ПОКОЙНИЧЕК В НАСМЕШКУ



Вперед, проворный брадобрей комет!
Твоими волосами станут травы,
Из глаза брызнут в ямы и канавы
Болотные огни -- твой тайный бред.


И незабудка, и кукушкин цвет
Нальются смехом губ твоих трухлявых:
Цветы могил ты выведешь на свет!


С тобой легко могильщикам, поэт.
Им гроб твой -- вроде маленькой забавы:
Футляр от скрипки, слабый отзвук славы...
Ты -- мертв? Глупцы мещане! Вот ответ:
Вперед, проворный брадобрей комет!



Метр французского символизма, Верлен, «открыл» и издал Корбьера впервые во Франции в 1885 году
в своей обзорной книге «Проклятые поэты», посвященной Корбьеру, Рембо и Малларме.
«Проклятые» по Верлену, - значит непризнанные, безвестные…


Корбьер справедливо стоял на первом месте, поскольку и умер раньше всех,
и первым сполна узнал тяжелую десницу судьбы и непризнания.


Эдуар-Жоакен, позже взявший литературное имя Тристан в качестве псевдонима,
увидел свет в скалистой и сумрачной Бретани в 1845 году.
Его отец был неисправимым романтиком, атеистом, вольтерьянцем и довольно известным литератором.


После многих лет странствий, приключений, стычек с правительством и церковью и отсидки в тюрьме,
неугомонный папаша поэта обосновался в Морле,
женившись в свои пятьдесят с лишком лет на восемнадцатилетней девушке
и произвел с ней на свет троих детей, из которых Корбьер был самым старшим.
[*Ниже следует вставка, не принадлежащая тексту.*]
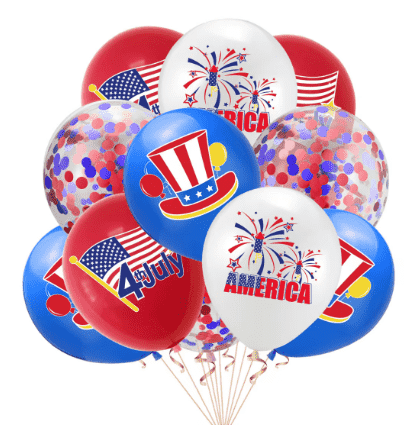 El juego también incluye globos con forma de estrella, de amor, de bandera y otros globos con formas especiales. La combinación de círculos clásicos y globos creativos con formas especiales satisface diversas necesidades de decoración y crea fácilmente escenas decorativas únicas para el día de la independencia.
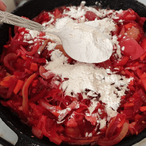 Добавить 1 столовую ложку муки, перемешать и тушить еще 5 минут.
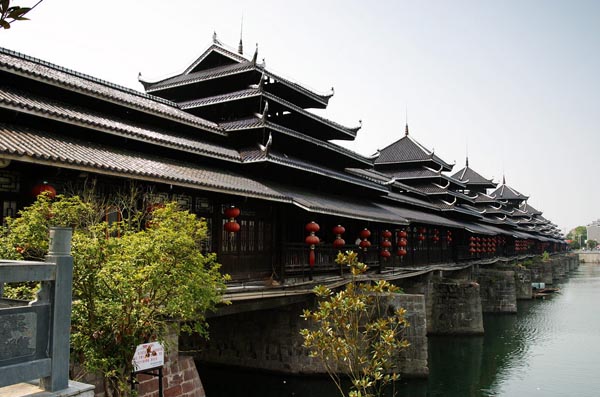 風(fēng)雨橋:坐落在廣西三江縣的程陽村邊的林溪河上,全橋為石墩木面瓦頂結(jié)合而成。橋上建有五座寶塔形狀的樓亭,可避風(fēng)雨。整座橋無一鐵釘,全用桁槽銜接,它斜穿直套、縱橫交錯,十分精致牢固。坐落在廣西三江林溪河上的程陽橋是風(fēng)雨橋的代表。因橋上建有廊和亭,既可行人,又可避風(fēng)雨,故稱風(fēng)雨橋。這座橋建于1916年,是一座四孔五墩伸臂木梁橋。其結(jié)構(gòu)以橋墩、橋身為主的兩部分。墩底用生松木鋪墊,用油灰沾合料石砌成菱形墩座,上鋪放數(shù)層并排巨杉圓木,再鋪木板作橋面,橋面上蓋起瓦頂長廊橋身。橋身為四柱抬樓式建筑,橋頂建造數(shù)個高出橋身的瓦頂數(shù)層飛檐翅起角樓亭、美麗、壯觀。五個石墩上各筑有寶塔形和宮殿形的橋亭,逶迤交錯,氣勢雄渾。長廊和樓亭的瓦檐頭均有雕刻繪畫,人物、山水、花、獸類色澤鮮艷,栩栩如生,是侗鄉(xiāng)人民智慧的結(jié)晶
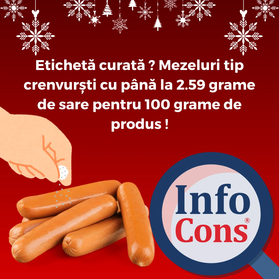 InfoCons Protecția Consumatorilor te informează : 14 zile până la Crăciun ! Atenție la Mezelurile de tip Crenvurști cu până la 10 aditivi alimentari / E-uri și 18.55 grame de proteine pentru 100 grame de produs !
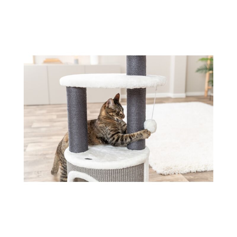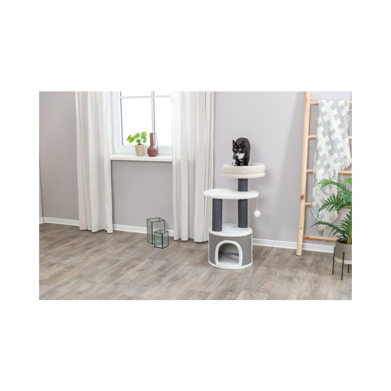 El rascador Marco está fabricado con poste revestido de yute y superficies de felpa de poliéster, materiales resistentes y agradables al tacto que fomentan el uso diario. Con su altura de 85 cm y una base de ø 38 cm, ofrece estabilidad y un punto elevado desde el que el gato puede observar su entorno con tranquilidad.
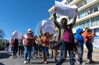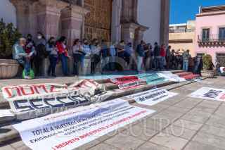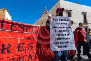 ZACATECAS, ZACATECAS, 18FEBRERO2022.- Docentes integrantes del Movimiento Democrático del Magisterio Zacatecano marcharon por las principales calles del Centro Histórico de la Capital dirigiéndose a la explanada del Congreso del Estado. Dicha movilización se realizo ante el reclamo por el pago completo de sus salarios, estas la segunda quincena del mes de Enero y la primera del mes en curso. El gobierno estatal tendría de pazo hasta el 12 de febrero para depositar las quincenas que se adeudan, sin embargo hasta reflejar el 100 porciento de estos pagos, los maestros continuaran con el paro laboral y la toma de edificios municipales y del estado. FOTO: DIANA VALDEZ
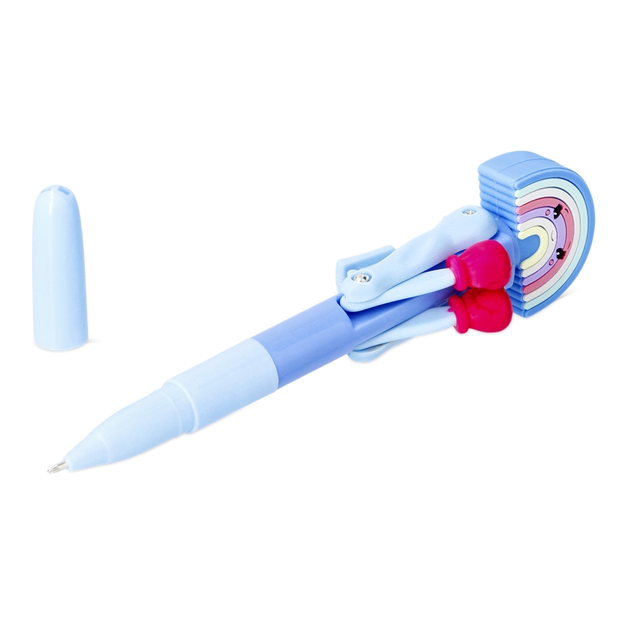 陽気な虹のトッパーをあしらった、一風変わったパンチングペンを手に入れよう。4×17.5×3.5cmのブルーのペンは、筆記に最適。押すだけで、パンチが楽しめます。パンチングペン。レインボー
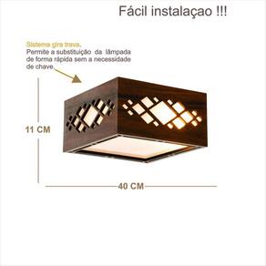 Especificações técnicas Dimensões: Comprimento: 40 cm Largura: 40 cm Altura: 11 cm Peso: 3,0 kg Qtde de lâmpadas: 3 led 6 a 15 w Alimentação: bivolt 110/220
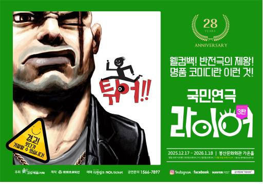 [서울경제TV 대구=김정희 기자] 올해로 창작28주년을 맞이한 국민연극 <라이어3탄-튀어>가 12월 17일부터 2026년 1월 18일까지 봉산문화회관에서 펼쳐진다.
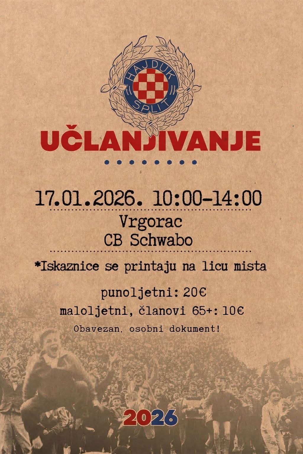 Riječ je o aktivnosti kojom se, osim učlanjivanja u Hajduk za 2026. godinu, prikupljaju sredstva za otvaranje službenog prostora DPH Vrgorac.
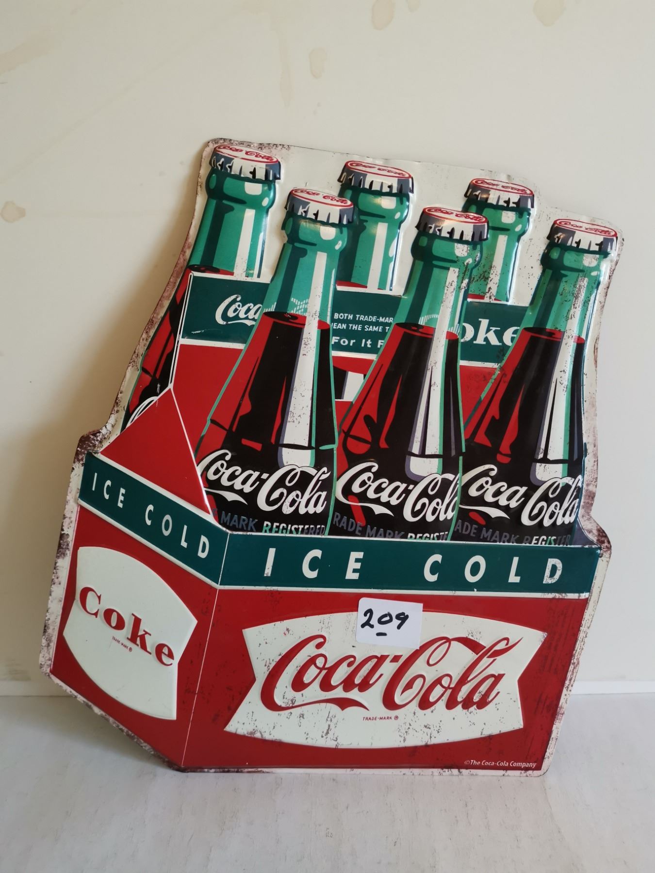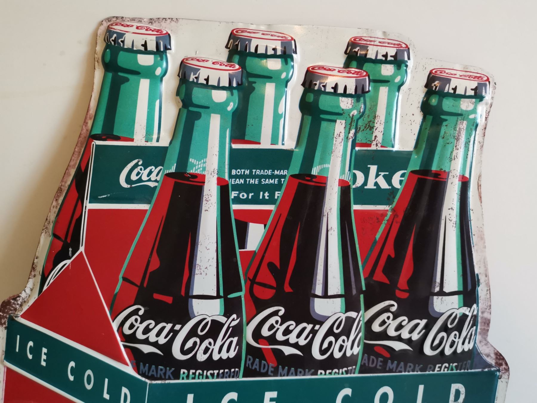 COCA-COLA 6 PACE METAL SIGN EMBOSSED 11.5" x 13

Успешная учеба Тристана в лицее была рано прервана начавшейся чахоткой, осложненной суставным туберкулезом,
что, по сути, и решило всю его дальнейшую судьбу.
Отныне, больной и одинокий, он превращается в отщепенца и изгоя в мире здоровых,
жизнерадостных и жизнестойких, а поэзия становится его единственной возможностью поквитаться со смертью.


Назло костлявой, Корбьер обживает одномачтовую яхту «Невольничье судно»,
подаренную отцом и названную так в честь его самого популярного романа, и становится моряком, пусть и ненадолго.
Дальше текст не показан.